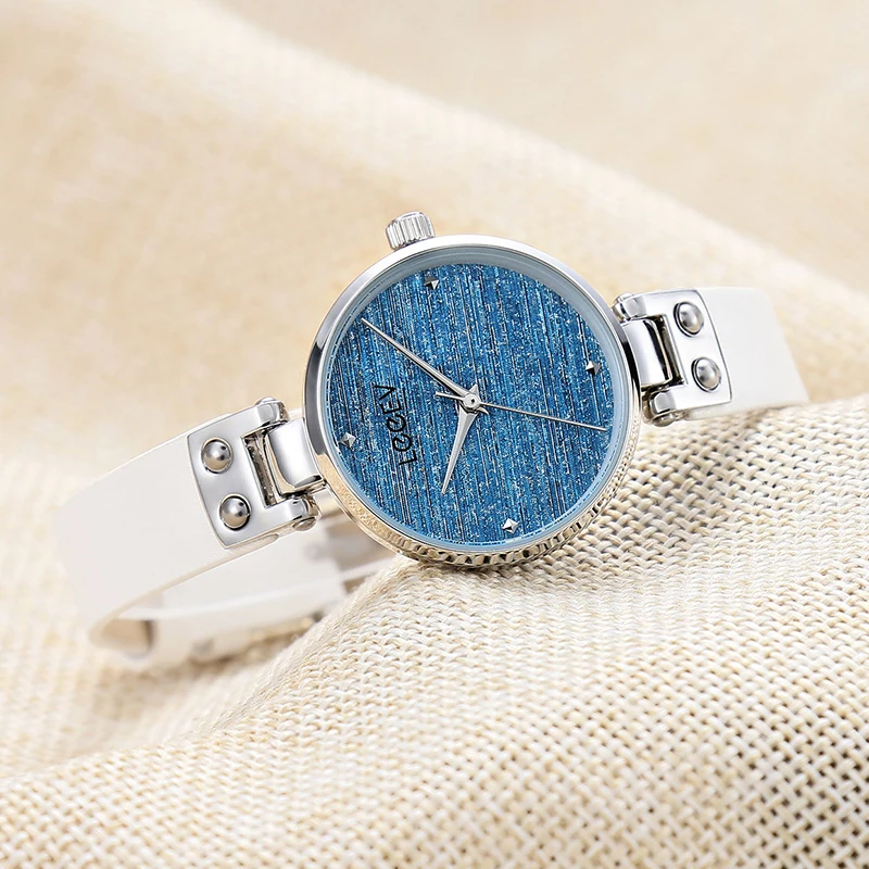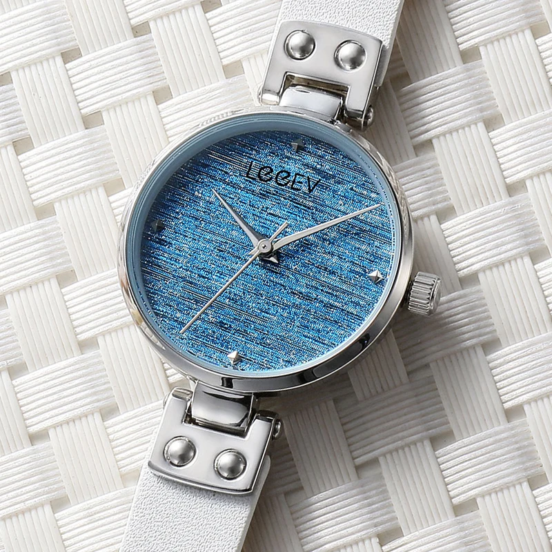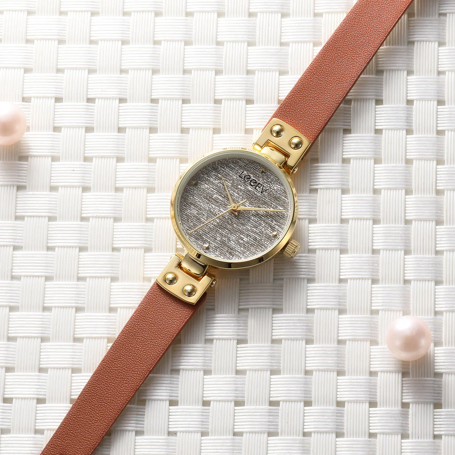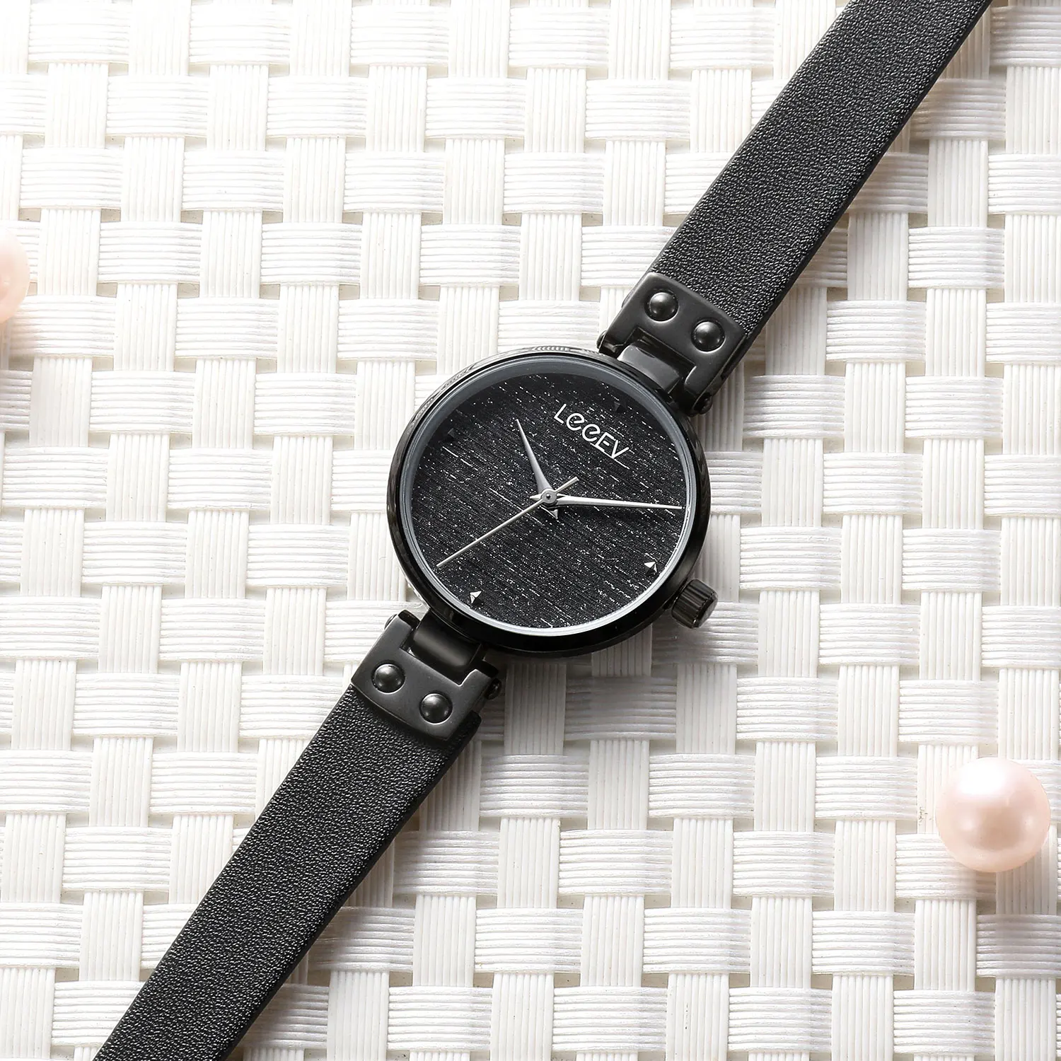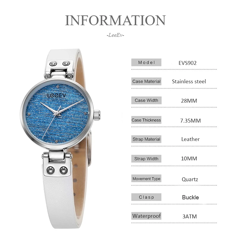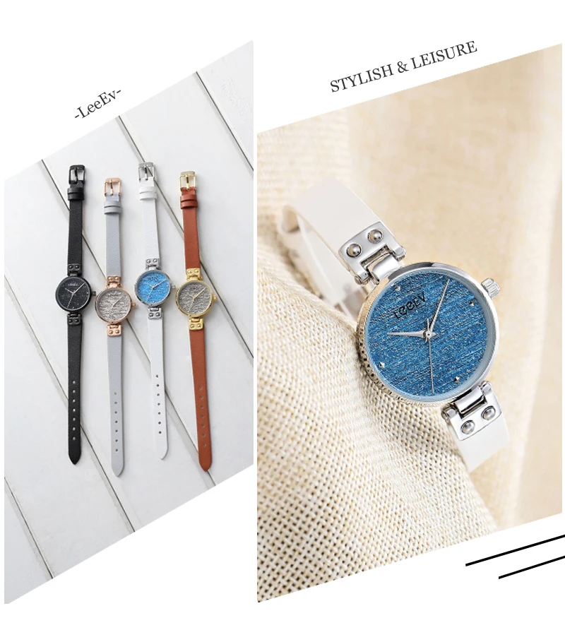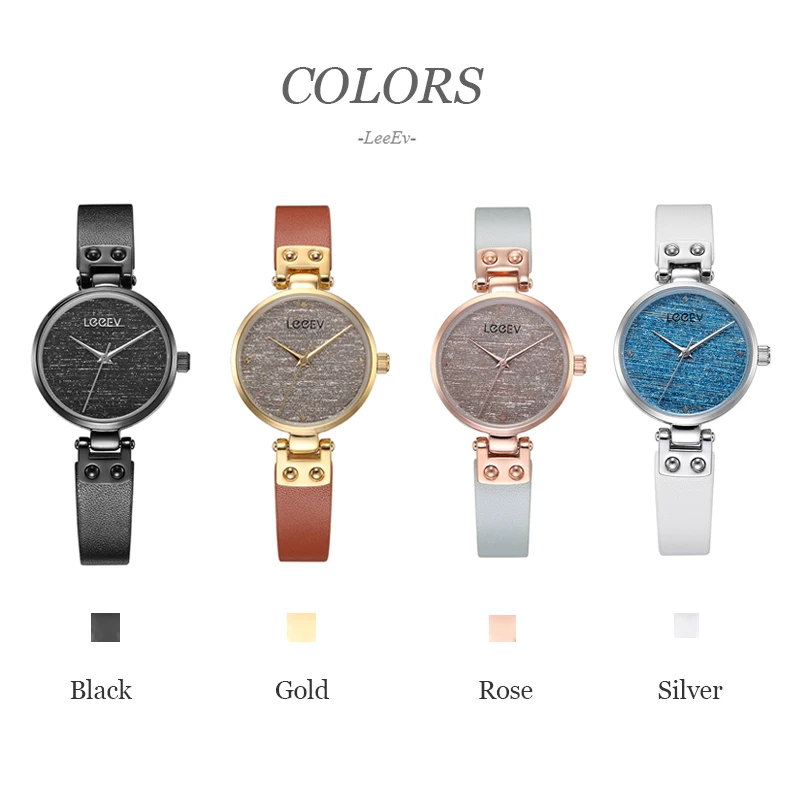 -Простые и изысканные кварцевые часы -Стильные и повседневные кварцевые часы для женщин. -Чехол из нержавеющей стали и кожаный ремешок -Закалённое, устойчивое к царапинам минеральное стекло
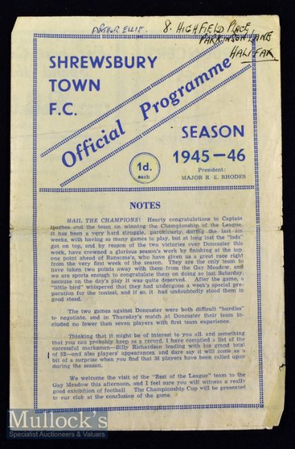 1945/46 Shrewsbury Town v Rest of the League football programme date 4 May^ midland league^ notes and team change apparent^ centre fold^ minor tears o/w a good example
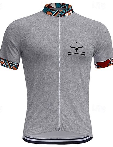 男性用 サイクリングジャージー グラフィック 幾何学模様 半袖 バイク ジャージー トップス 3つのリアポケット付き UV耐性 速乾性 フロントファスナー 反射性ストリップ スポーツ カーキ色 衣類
^^^^^^^^
### Task instructions:
Repeat the whole listing above word for word. Leave out the pictures.

### Exercise output:
 -Простые и изысканные кварцевые часы -Стильные и повседневные кварцевые часы для женщин. -Чехол из нержавеющей стали и кожаный ремешок -Закалённое, устойчивое к царапинам минеральное стекло
 1945/46 Shrewsbury Town v Rest of the League football programme date 4 May^ midland league^ notes and team change apparent^ centre fold^ minor tears o/w a good example
 男性用 サイクリングジャージー グラフィック 幾何学模様 半袖 バイク ジャージー トップス 3つのリアポケット付き UV耐性 速乾性 フロントファスナー 反射性ストリップ スポーツ カーキ色 衣類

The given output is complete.